Task inputs =
+ + + + +

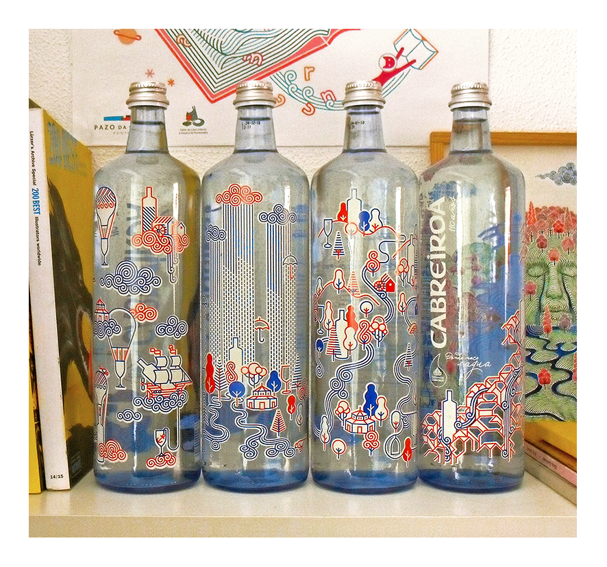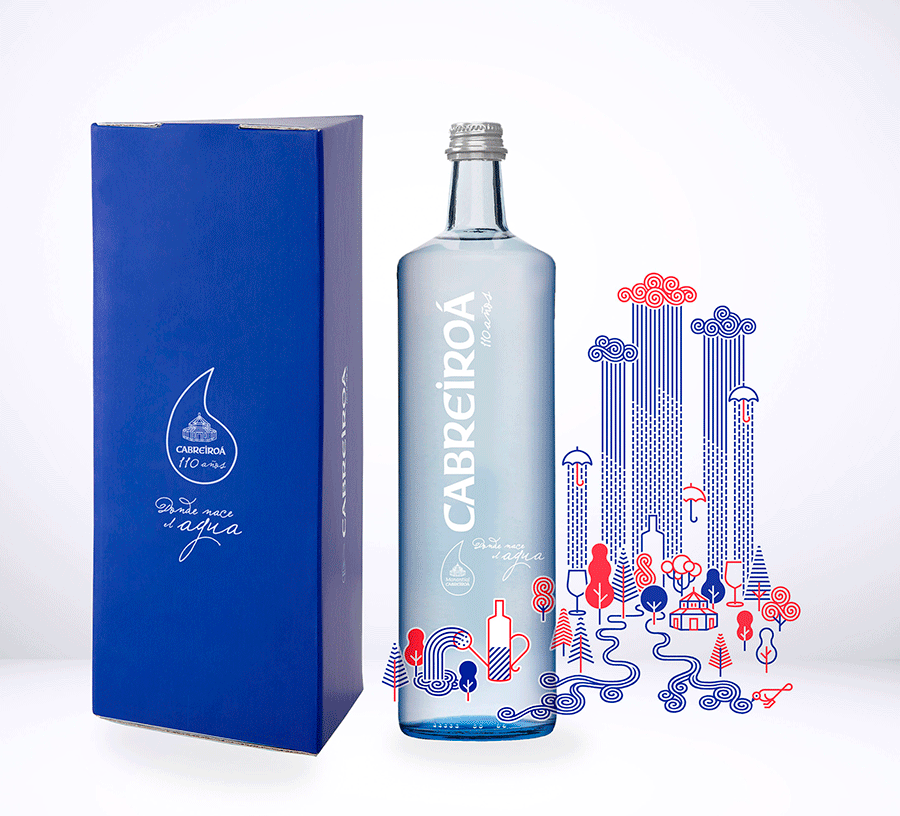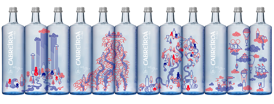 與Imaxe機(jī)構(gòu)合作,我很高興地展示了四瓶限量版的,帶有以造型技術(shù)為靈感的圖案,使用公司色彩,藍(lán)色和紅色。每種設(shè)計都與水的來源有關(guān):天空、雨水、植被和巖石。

+ + + + +

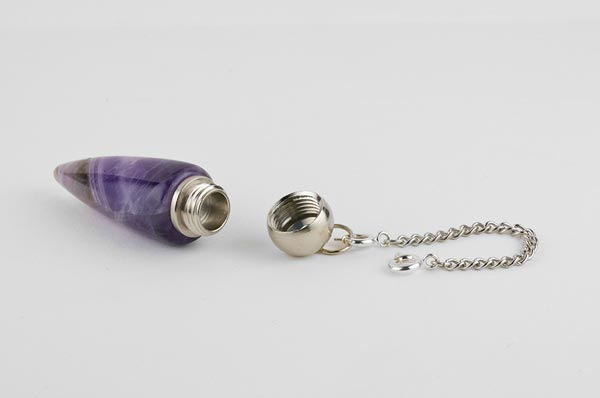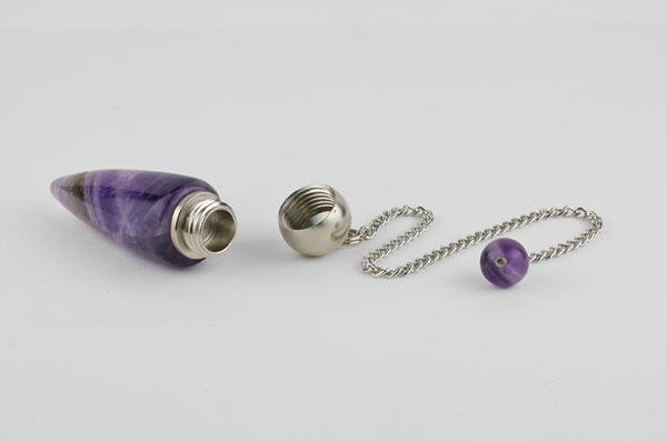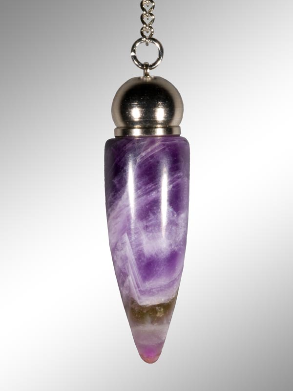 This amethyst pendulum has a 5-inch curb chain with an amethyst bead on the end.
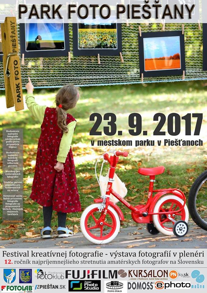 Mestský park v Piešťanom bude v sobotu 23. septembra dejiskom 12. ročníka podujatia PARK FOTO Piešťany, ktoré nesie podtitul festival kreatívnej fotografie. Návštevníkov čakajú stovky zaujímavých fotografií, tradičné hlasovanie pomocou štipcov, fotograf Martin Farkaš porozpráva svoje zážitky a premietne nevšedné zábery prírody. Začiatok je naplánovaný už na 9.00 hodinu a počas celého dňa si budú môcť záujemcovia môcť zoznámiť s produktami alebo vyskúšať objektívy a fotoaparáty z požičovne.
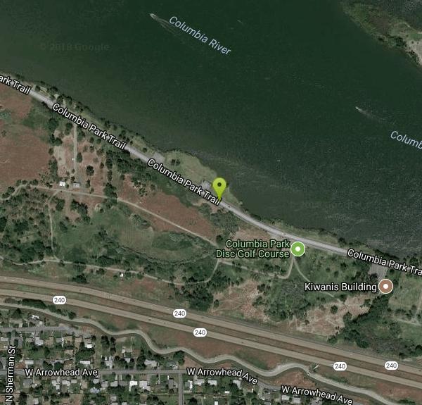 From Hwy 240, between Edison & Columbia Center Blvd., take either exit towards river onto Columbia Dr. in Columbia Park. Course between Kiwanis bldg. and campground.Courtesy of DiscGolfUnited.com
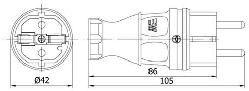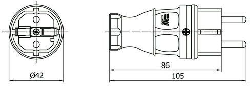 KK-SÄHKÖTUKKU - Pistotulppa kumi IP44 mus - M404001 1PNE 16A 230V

+ + + + +

To do = Write down exactly what the lines above say, from the line holding "From Hwy 240, between" through the line holding "KK-SÄHKÖTUKKU - Pistotulppa", and nothing more. Do not copy the pictures.

Exercise solution =
 From Hwy 240, between Edison & Columbia Center Blvd., take either exit towards river onto Columbia Dr. in Columbia Park. Course between Kiwanis bldg. and campground.Courtesy of DiscGolfUnited.com
 KK-SÄHKÖTUKKU - Pistotulppa kumi IP44 mus - M404001 1PNE 16A 230V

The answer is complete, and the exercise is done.